Before you return the lines below, strip out any images and keep every word as written.

● ● ● ● ●

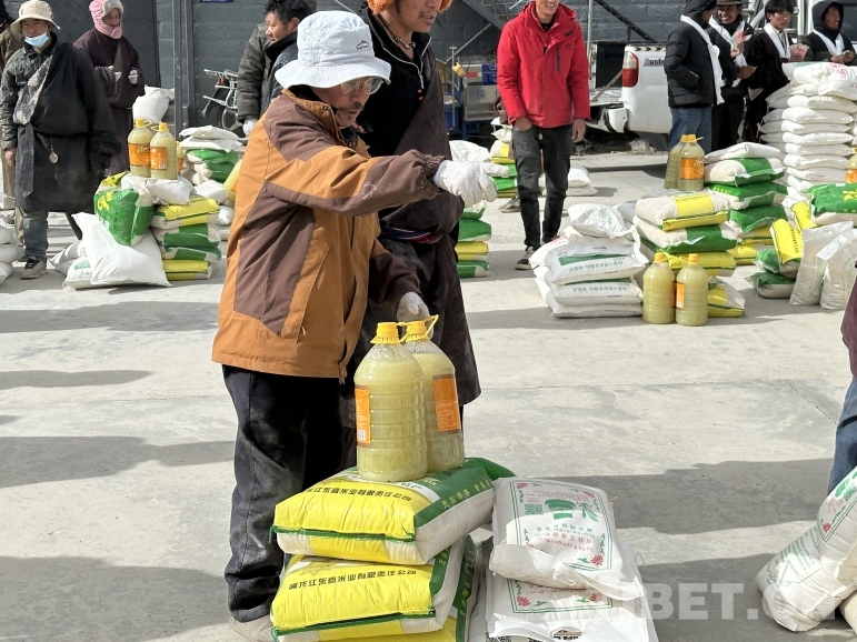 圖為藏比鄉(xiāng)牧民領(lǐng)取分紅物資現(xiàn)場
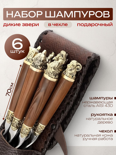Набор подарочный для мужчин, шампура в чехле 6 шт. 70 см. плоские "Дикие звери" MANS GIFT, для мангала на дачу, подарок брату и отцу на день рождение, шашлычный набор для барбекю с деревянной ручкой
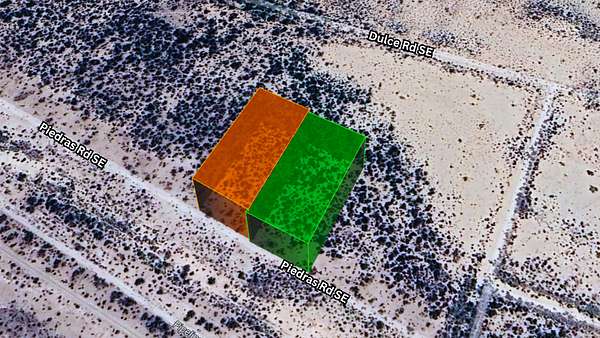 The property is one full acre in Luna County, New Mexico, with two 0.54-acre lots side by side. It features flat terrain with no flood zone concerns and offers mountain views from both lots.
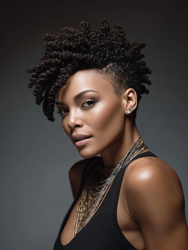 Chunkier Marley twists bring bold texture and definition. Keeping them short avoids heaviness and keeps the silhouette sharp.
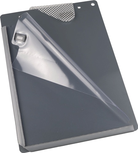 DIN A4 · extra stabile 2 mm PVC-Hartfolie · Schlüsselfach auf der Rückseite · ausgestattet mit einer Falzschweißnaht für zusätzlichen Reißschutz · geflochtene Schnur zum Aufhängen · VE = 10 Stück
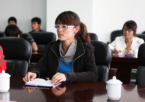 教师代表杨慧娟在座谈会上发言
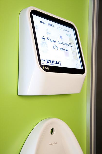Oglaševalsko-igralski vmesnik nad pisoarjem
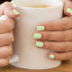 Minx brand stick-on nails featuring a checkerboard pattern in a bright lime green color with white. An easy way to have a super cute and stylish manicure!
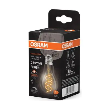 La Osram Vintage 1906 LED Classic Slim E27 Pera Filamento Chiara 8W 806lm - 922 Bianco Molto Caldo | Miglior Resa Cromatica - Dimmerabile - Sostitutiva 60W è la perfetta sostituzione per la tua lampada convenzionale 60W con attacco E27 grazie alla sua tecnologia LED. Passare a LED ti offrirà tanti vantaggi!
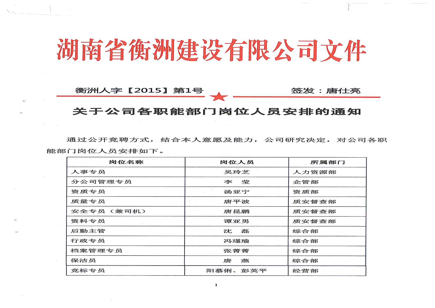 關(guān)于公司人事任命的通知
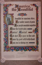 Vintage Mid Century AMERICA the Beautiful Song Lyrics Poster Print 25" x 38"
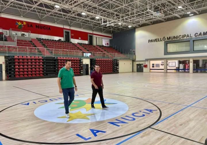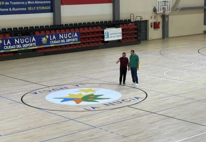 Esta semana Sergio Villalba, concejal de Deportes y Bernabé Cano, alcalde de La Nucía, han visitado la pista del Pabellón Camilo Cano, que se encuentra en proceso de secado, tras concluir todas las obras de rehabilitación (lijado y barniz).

● ● ● ● ●

• _RESPONSE TO THE EXERCISE_
 圖為藏比鄉(xiāng)牧民領(lǐng)取分紅物資現(xiàn)場
Набор подарочный для мужчин, шампура в чехле 6 шт. 70 см. плоские "Дикие звери" MANS GIFT, для мангала на дачу, подарок брату и отцу на день рождение, шашлычный набор для барбекю с деревянной ручкой
 The property is one full acre in Luna County, New Mexico, with two 0.54-acre lots side by side. It features flat terrain with no flood zone concerns and offers mountain views from both lots.
 Chunkier Marley twists bring bold texture and definition. Keeping them short avoids heaviness and keeps the silhouette sharp.
 DIN A4 · extra stabile 2 mm PVC-Hartfolie · Schlüsselfach auf der Rückseite · ausgestattet mit einer Falzschweißnaht für zusätzlichen Reißschutz · geflochtene Schnur zum Aufhängen · VE = 10 Stück
 教师代表杨慧娟在座谈会上发言
Oglaševalsko-igralski vmesnik nad pisoarjem
 Minx brand stick-on nails featuring a checkerboard pattern in a bright lime green color with white. An easy way to have a super cute and stylish manicure!
 La Osram Vintage 1906 LED Classic Slim E27 Pera Filamento Chiara 8W 806lm - 922 Bianco Molto Caldo | Miglior Resa Cromatica - Dimmerabile - Sostitutiva 60W è la perfetta sostituzione per la tua lampada convenzionale 60W con attacco E27 grazie alla sua tecnologia LED. Passare a LED ti offrirà tanti vantaggi!
 關(guān)于公司人事任命的通知
 Vintage Mid Century AMERICA the Beautiful Song Lyrics Poster Print 25" x 38"
 Esta semana Sergio Villalba, concejal de Deportes y Bernabé Cano, alcalde de La Nucía, han visitado la pista del Pabellón Camilo Cano, que se encuentra en proceso de secado, tras concluir todas las obras de rehabilitación (lijado y barniz).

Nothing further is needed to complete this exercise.